- _Data to use_
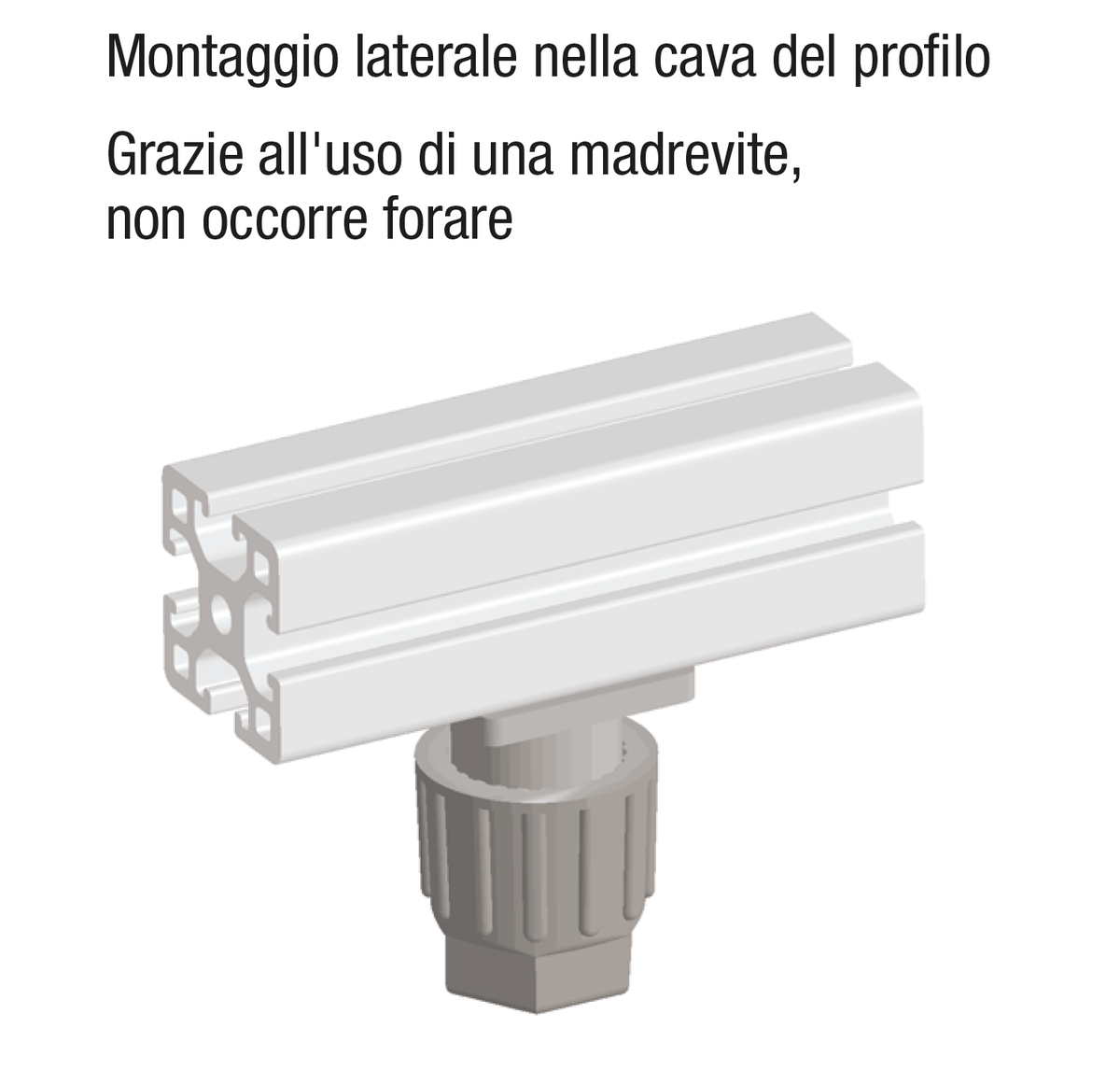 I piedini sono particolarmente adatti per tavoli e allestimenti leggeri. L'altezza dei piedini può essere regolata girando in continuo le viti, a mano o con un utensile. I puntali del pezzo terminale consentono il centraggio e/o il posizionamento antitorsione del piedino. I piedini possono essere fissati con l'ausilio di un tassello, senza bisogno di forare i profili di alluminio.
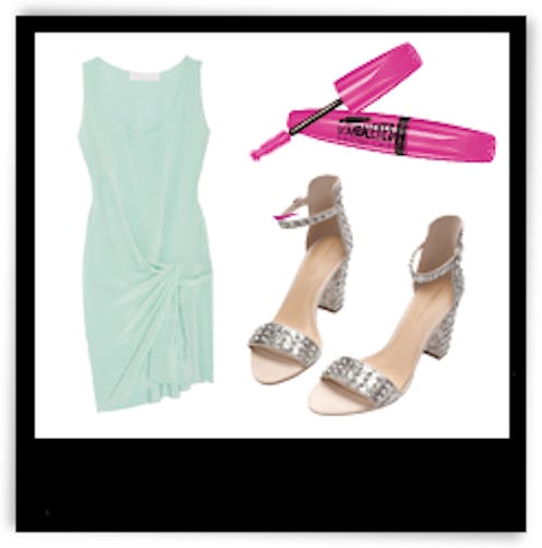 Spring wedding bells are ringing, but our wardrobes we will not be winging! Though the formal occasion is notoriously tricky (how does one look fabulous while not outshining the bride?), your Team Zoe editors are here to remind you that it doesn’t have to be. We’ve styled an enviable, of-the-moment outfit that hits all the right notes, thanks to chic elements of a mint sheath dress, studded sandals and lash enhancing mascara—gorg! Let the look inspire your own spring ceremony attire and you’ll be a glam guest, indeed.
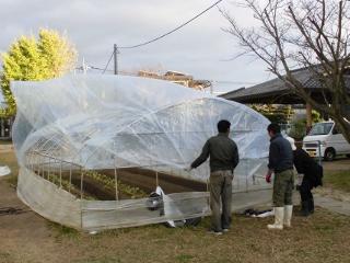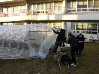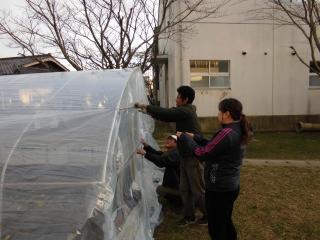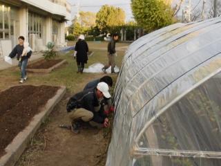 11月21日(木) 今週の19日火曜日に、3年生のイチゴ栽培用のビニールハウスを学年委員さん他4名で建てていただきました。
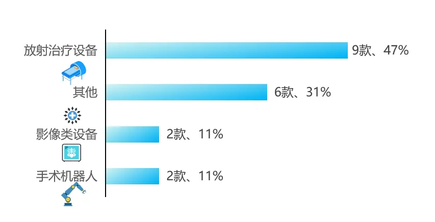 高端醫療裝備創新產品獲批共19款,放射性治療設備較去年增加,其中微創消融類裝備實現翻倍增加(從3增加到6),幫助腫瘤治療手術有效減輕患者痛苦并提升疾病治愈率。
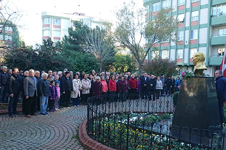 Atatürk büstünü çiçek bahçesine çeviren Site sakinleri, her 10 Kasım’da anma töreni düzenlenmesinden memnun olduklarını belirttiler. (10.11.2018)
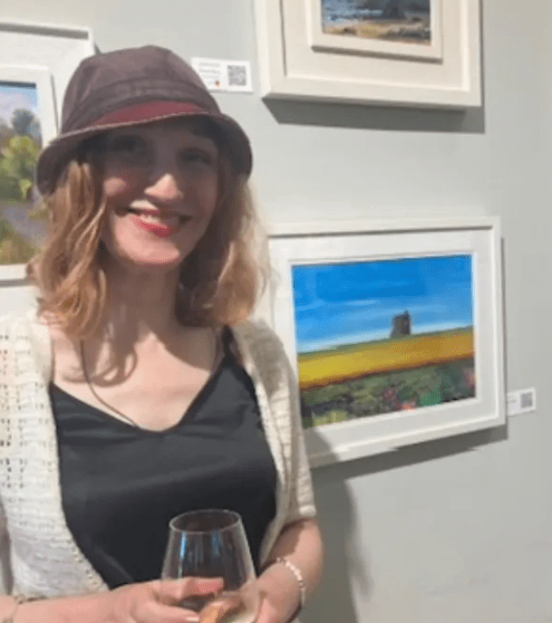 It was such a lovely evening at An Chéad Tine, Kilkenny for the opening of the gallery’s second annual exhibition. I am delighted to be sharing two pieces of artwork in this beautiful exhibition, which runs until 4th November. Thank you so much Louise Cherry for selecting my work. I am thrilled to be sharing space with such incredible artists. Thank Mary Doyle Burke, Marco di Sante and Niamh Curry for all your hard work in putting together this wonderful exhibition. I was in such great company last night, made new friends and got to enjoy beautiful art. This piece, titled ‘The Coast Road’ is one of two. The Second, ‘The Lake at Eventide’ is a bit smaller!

...

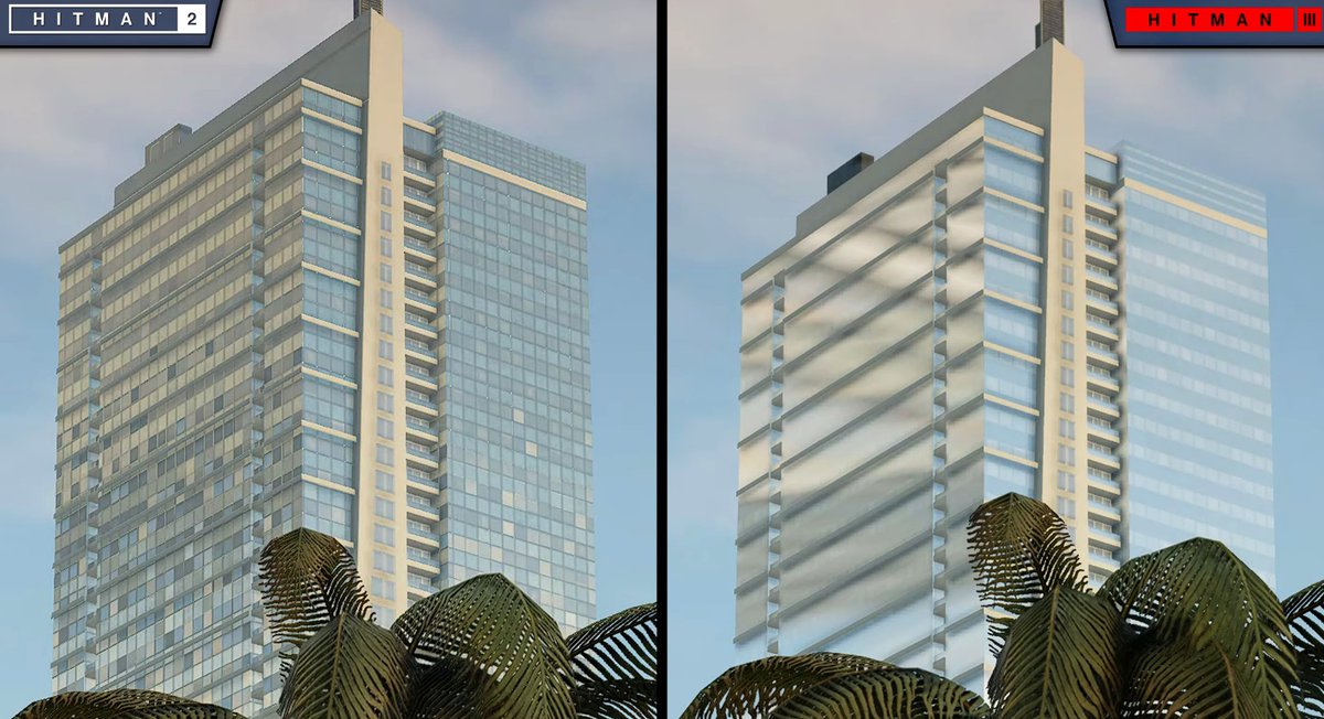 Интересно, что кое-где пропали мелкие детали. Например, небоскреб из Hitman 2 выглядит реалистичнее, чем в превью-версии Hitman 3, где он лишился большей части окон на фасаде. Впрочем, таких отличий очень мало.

- _Assigned task_
Set down again, exactly, every line above from the one with "11月21日(木) 今週の1" down to the one with "It was such", both ends included. No pictures, and nothing else.

- _Response to this exercise_
 11月21日(木) 今週の19日火曜日に、3年生のイチゴ栽培用のビニールハウスを学年委員さん他4名で建てていただきました。
 高端醫療裝備創新產品獲批共19款,放射性治療設備較去年增加,其中微創消融類裝備實現翻倍增加(從3增加到6),幫助腫瘤治療手術有效減輕患者痛苦并提升疾病治愈率。
 Atatürk büstünü çiçek bahçesine çeviren Site sakinleri, her 10 Kasım’da anma töreni düzenlenmesinden memnun olduklarını belirttiler. (10.11.2018)
 It was such a lovely evening at An Chéad Tine, Kilkenny for the opening of the gallery’s second annual exhibition. I am delighted to be sharing two pieces of artwork in this beautiful exhibition, which runs until 4th November. Thank you so much Louise Cherry for selecting my work. I am thrilled to be sharing space with such incredible artists. Thank Mary Doyle Burke, Marco di Sante and Niamh Curry for all your hard work in putting together this wonderful exhibition. I was in such great company last night, made new friends and got to enjoy beautiful art. This piece, titled ‘The Coast Road’ is one of two. The Second, ‘The Lake at Eventide’ is a bit smaller!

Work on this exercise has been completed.